1.7.2 Solutions 2: SP500 daily returns

  1. Download the dataset using the following command
  2. Obtain the daily percent return series and plot the latter against time.
  3. With the help of graphs, discuss evidences of seasonality and nonstationarity. Are there seasons of returns?
  4. Plot the (partial) correlogram of both the raw and the return series. Try the acf with na.action=na.pass and without (by e.g. converting the series to a vector using as.vector. Comment on the impact of ignoring time stamps.
  5. Plot the (partial) correlogram of the absolute value of the return series and of the squared return series. What do you see?

1.7.3 Solutions 3: Simulated data

Time Series Solution Manual

The first 5 parts of the question are straightforward and left to the reader.

  1. Simulate 500 observations from an AR(1) process with parameter values (alpha in {0.1, 0.5, 0.9, 0.99}).
  2. Repeat for MA processes of different orders. There is no restriction on the coefficients of the latter for stationarity, unlike the AR process.
  3. Sample from an ARCH(1) process with Gaussian innovations and an ARCH(1) process with Student-(t) innovations with df=4. Look at the correlogram of the absolute residuals and the squared residuals.
  4. The dataset EuStockMarkets contains the daily closing prices of major European stock indices. Type ?EuStockMarkets for more details and plot(EuStockMarkets) to plot the four series (DAX, SMI, CAC and FTSE).Use plot(ftse <- EuStockMarkets[,'FTSE']) to plot the FTSE series and plot(100*diff(log(ftse))) to plot its daily log return. Play with the ARCH simulation functions to generate some similar processes.
  5. Simulate a white noise series with trend (t) and (cos(t)), of the form (X_t=M_t+S_t+Z_t), where (Z_t sim mathsf{N}(0,sigma^2)) for different values of (sigma^2). Analyze the log-periodogram and the (partial) correlograms. What happens if you forget to remove the trend?
  6. Do the same for multiplicative model with lognormal margins, with structure (X_t=M_tS_tZ_t).
  7. For steps 5 and 6, plot the series and test the assumptions that they are white noise using the Ljung-Box test. Note you need to adjust the degrees of freedom when working with residuals from e.g. ARMA models.

1.7.4 Solutions 4: Mauna Loa Atmospheric CO2 Concentration

Time Series Analysis Solution Manual Pdf

  1. Load and plot the CO2 dataset from NOAA. Pay special attention to the format, missing values, the handling of string and the description.
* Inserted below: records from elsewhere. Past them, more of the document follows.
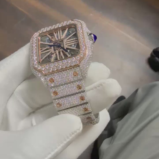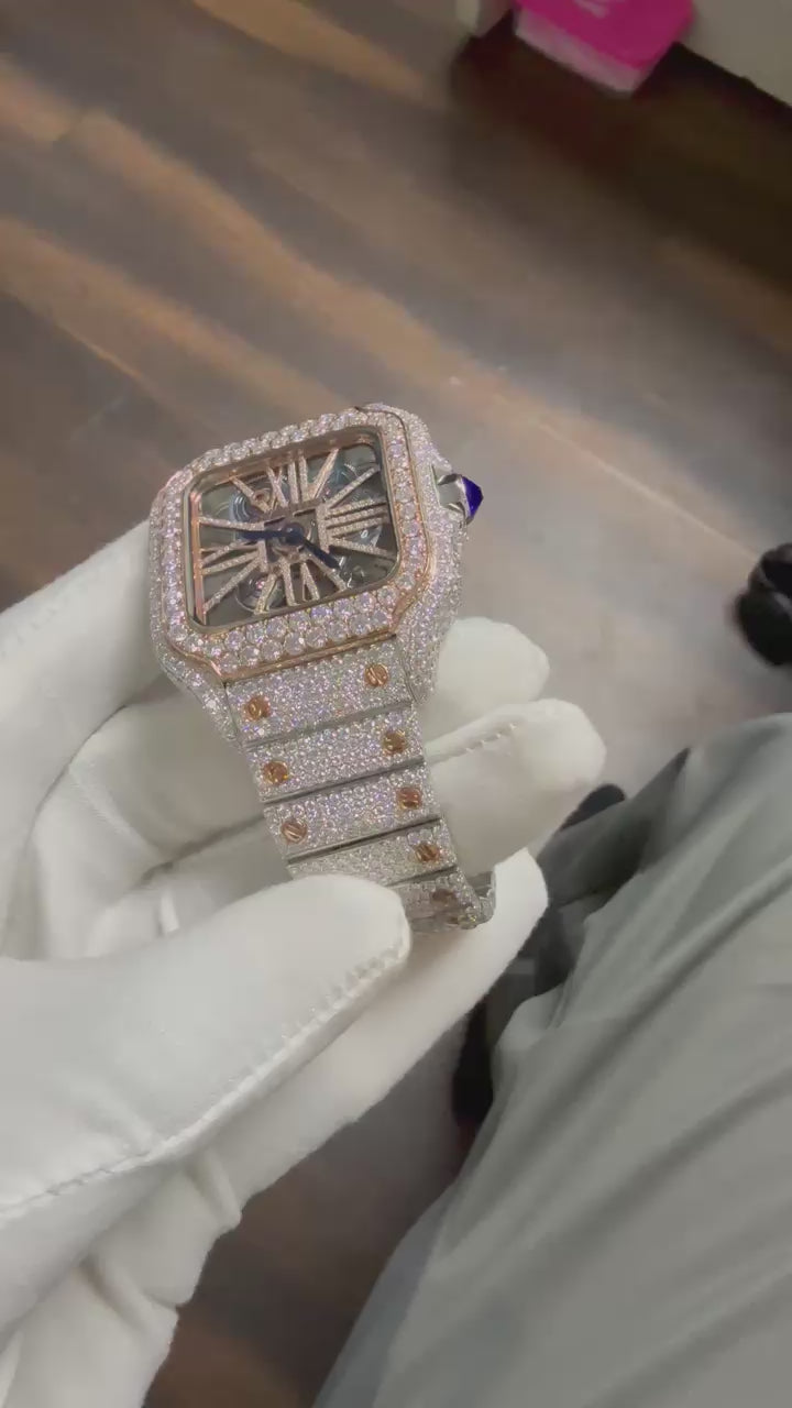 This exclusive one-of-one iced timepiece features a full pavé diamond setting from bezel to bracelet, with a rose-gold skeleton dial that reveals the heartbeat of the watch beneath. Every angle catches the light — from the squared bezel to the precision-cut stones cascading across the band.
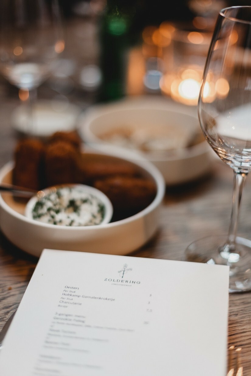 Bij Zoldering is een uitgebreide wijnkaart en je kunt er borrelen en dineren. Er zijn geen voor- en hoofdgerechten, je kunt hier eten waar je zin in hebt. De mannen van Zoldering – Tomas Bron, Wout Jans, Job Seuren en Joost Clarijs – zijn zeker geen onbekenden in de horeca-wereld. Tomas heeft onder andere in de keuken gewerkt bij Librije en als souschef bij Goldfinch Brasserie. Wout heeft ruim acht jaar bij Ciel Bleu gewerkt als sommelier en ook Job werkte als sommelier en bedrijfsleider bij onder andere De Librije en De Klepel.
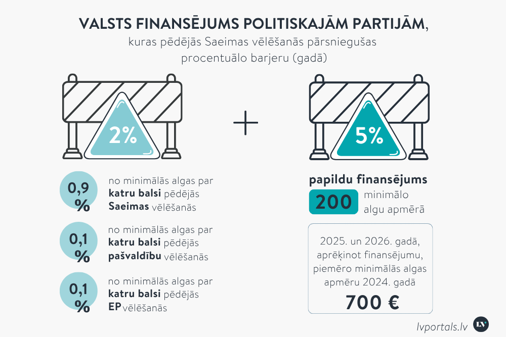 Patlaban Saeima lēmusi finansējuma pieaugumu iesaldēt 2024. gada līmenī. 2026. gadā valsts budžeta finansējumu politiskajai organizācijai (partijai) aprēķina, ņemot vērā minimālo mēnešalgu 2024. gadā (700 eiro).
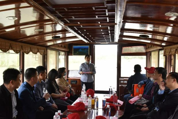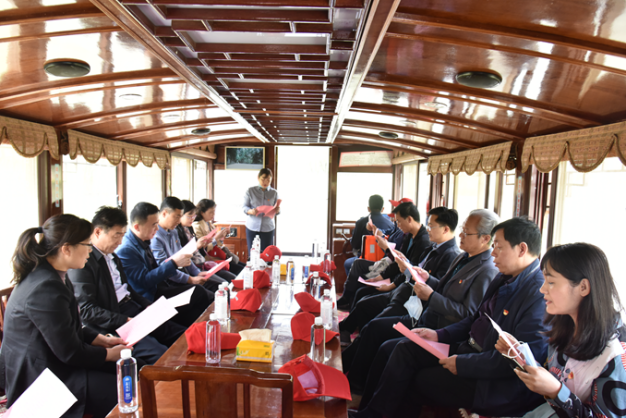 活動中,全體人員參觀了濟西濕地,并詳細(xì)了解了濟西濕地的建設(shè)情況。黨員代表分享了“中共一大南湖紅船”故事,全體黨員共同誦讀《紅船,從南湖啟航》,濕地青年員工進行紅歌表演。

Use ?read.table for help, and look carefully at arguments file, sep, na.strings, skip and stringsAsFactors. From now on, we will work with the complete series (termed interpolated in the description).
  2. Try removing the trend using a linear model. Plot the residuals against month of the year.
  3. Remove the trend and the periodicity with a Fourier basis (with period 12). Be sure to include both sin and cos terms together. Recall that the standard Wald tests for the coefficients is not valid in the presence of autocorrelation! You could also use poly or splines::bs to fit polynomials or splines to your series.
  4. Plot the lagged residuals. Are there evidence of correlation?
  5. Use the function filter to smooth the series using a 12 period moving average.
  6. Inspect the spectrum of the raw series and of the smoothed version.
  7. Inspect the spectrum of the detrended raw series.
  8. Test for stationarity of the deseasonalized and detrended residuals using the KPSS test viz. tseries::kpss.test.
  9. Use the decompose and the stl functions to obtain residuals.
  10. Plot the (partial) correlogram for both decomposition and compare them with the output of the linear model.